(Data Opens)
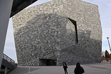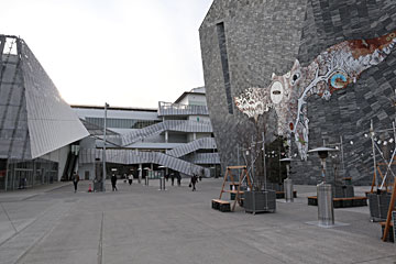 角川武蔵野ミュージアムに入ります。こちら側が入り口、巨大で窓がほとんど無い変わった建物です。
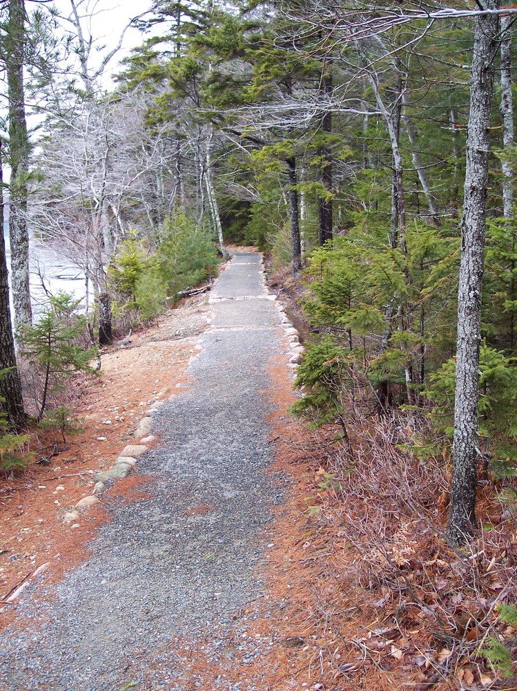 Starting from ME Route 3, turn off at the Hulls Cove Entrance to Acadia National Park and the Hulls Cove Visitor Center. Follow the Park Loop Road. At 2.8 miles continue straight remaining on the two-way section of the Loop Road following signs for Jordan Pond. Use the North Lot parking area on the right just before the Jordan Pond House. Walk down the boat access to the pond. The Jordan Pond Trail crosses the boat launch. The hike can be taken in either direction.
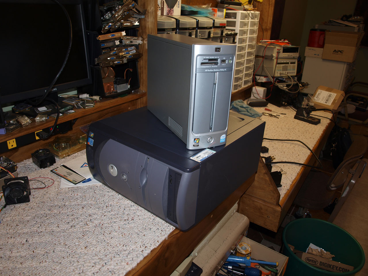 I was given a HP slimline s7620n about 2 years ago by a local shop. It was full of dead roaches, case scratched to hell, and from the house of a heavy smoker.....it sat in the garage since I got it, I never messed with it...and just kinda forgot about it. I came across it yesterday and figured I'd open it up and take the memory, CPU and HDD out of it and trash the rest.....well the 'fixer' in me said lets see what works and what doesnt. I cracked the ACBEL PSU open, sure enough, full of bad l-tec caps.... I hotwashed the motherboard & PSU only at that point, so if it can't be fixed, it'll go in the trash and no more time wasted. I recapped the PSU, that brought the PS and motherboard back to life.... It has a 1.8GHz 533fsb core solo CPU in it and 2gb ram. It had a 250gb HDD in it. The RAM was maxed out, I tried up'ing it to 4gb (even after a BIOS update), and it wouldn't run....atleast with the modules I tried. I found the max CPU it could run in my junkpile, which was a 2.33 C2D 667FSB....
(Data Closes)
* **Directions for this task**:
Hand back the data above exactly, leaving out all pictures.

* **Written reply**:
 角川武蔵野ミュージアムに入ります。こちら側が入り口、巨大で窓がほとんど無い変わった建物です。
 Starting from ME Route 3, turn off at the Hulls Cove Entrance to Acadia National Park and the Hulls Cove Visitor Center. Follow the Park Loop Road. At 2.8 miles continue straight remaining on the two-way section of the Loop Road following signs for Jordan Pond. Use the North Lot parking area on the right just before the Jordan Pond House. Walk down the boat access to the pond. The Jordan Pond Trail crosses the boat launch. The hike can be taken in either direction.
 I was given a HP slimline s7620n about 2 years ago by a local shop. It was full of dead roaches, case scratched to hell, and from the house of a heavy smoker.....it sat in the garage since I got it, I never messed with it...and just kinda forgot about it. I came across it yesterday and figured I'd open it up and take the memory, CPU and HDD out of it and trash the rest.....well the 'fixer' in me said lets see what works and what doesnt. I cracked the ACBEL PSU open, sure enough, full of bad l-tec caps.... I hotwashed the motherboard & PSU only at that point, so if it can't be fixed, it'll go in the trash and no more time wasted. I recapped the PSU, that brought the PS and motherboard back to life.... It has a 1.8GHz 533fsb core solo CPU in it and 2gb ram. It had a 250gb HDD in it. The RAM was maxed out, I tried up'ing it to 4gb (even after a BIOS update), and it wouldn't run....atleast with the modules I tried. I found the max CPU it could run in my junkpile, which was a 2.33 C2D 667FSB....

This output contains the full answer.